**What to do**
Drop every picture, then transcribe the remaining data exactly.

------ Dataset extract

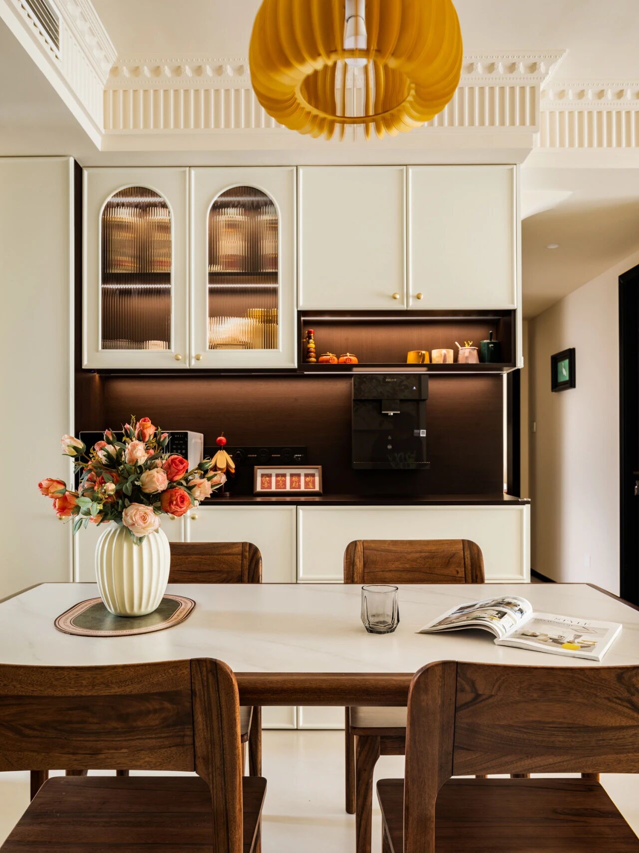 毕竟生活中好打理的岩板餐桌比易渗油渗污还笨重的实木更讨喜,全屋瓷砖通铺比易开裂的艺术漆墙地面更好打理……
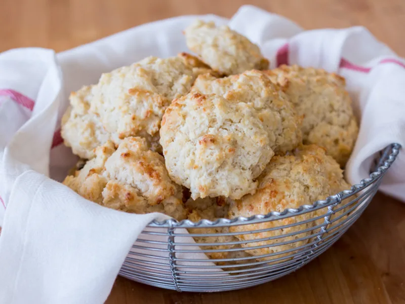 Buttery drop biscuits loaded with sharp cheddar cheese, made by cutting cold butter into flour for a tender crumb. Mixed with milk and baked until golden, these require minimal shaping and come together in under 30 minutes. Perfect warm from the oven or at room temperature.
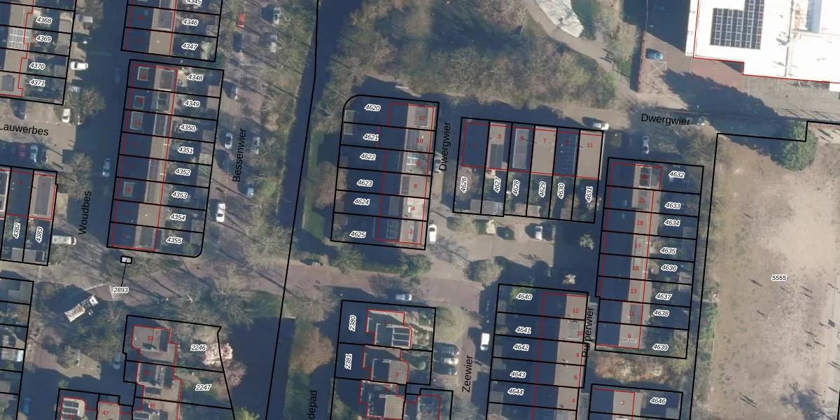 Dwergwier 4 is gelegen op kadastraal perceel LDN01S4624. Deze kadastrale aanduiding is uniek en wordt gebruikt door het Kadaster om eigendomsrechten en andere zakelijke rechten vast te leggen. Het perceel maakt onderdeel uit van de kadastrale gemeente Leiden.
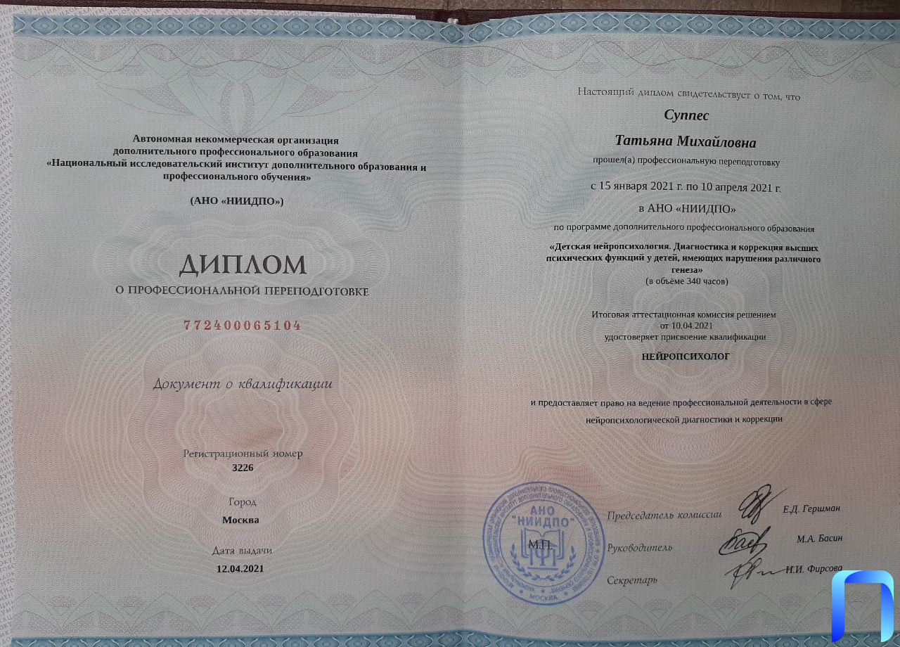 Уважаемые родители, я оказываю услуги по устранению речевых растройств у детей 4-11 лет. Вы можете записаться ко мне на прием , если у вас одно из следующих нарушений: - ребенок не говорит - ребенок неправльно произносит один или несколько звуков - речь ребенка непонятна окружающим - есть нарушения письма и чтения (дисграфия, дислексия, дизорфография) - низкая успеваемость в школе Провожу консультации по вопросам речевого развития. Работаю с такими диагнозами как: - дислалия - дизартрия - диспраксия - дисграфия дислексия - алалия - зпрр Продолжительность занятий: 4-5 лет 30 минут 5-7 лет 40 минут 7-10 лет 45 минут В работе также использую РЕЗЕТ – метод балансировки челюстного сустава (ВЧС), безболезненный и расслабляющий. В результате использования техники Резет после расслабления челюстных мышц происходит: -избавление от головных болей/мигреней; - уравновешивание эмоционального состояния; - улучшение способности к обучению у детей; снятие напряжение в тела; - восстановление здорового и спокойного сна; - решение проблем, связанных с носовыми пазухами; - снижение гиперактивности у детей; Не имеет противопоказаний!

------------

**Response to the task**
 毕竟生活中好打理的岩板餐桌比易渗油渗污还笨重的实木更讨喜,全屋瓷砖通铺比易开裂的艺术漆墙地面更好打理……
 Buttery drop biscuits loaded with sharp cheddar cheese, made by cutting cold butter into flour for a tender crumb. Mixed with milk and baked until golden, these require minimal shaping and come together in under 30 minutes. Perfect warm from the oven or at room temperature.
 Dwergwier 4 is gelegen op kadastraal perceel LDN01S4624. Deze kadastrale aanduiding is uniek en wordt gebruikt door het Kadaster om eigendomsrechten en andere zakelijke rechten vast te leggen. Het perceel maakt onderdeel uit van de kadastrale gemeente Leiden.
 Уважаемые родители, я оказываю услуги по устранению речевых растройств у детей 4-11 лет. Вы можете записаться ко мне на прием , если у вас одно из следующих нарушений: - ребенок не говорит - ребенок неправльно произносит один или несколько звуков - речь ребенка непонятна окружающим - есть нарушения письма и чтения (дисграфия, дислексия, дизорфография) - низкая успеваемость в школе Провожу консультации по вопросам речевого развития. Работаю с такими диагнозами как: - дислалия - дизартрия - диспраксия - дисграфия дислексия - алалия - зпрр Продолжительность занятий: 4-5 лет 30 минут 5-7 лет 40 минут 7-10 лет 45 минут В работе также использую РЕЗЕТ – метод балансировки челюстного сустава (ВЧС), безболезненный и расслабляющий. В результате использования техники Резет после расслабления челюстных мышц происходит: -избавление от головных болей/мигреней; - уравновешивание эмоционального состояния; - улучшение способности к обучению у детей; снятие напряжение в тела; - восстановление здорового и спокойного сна; - решение проблем, связанных с носовыми пазухами; - снижение гиперактивности у детей; Не имеет противопоказаний!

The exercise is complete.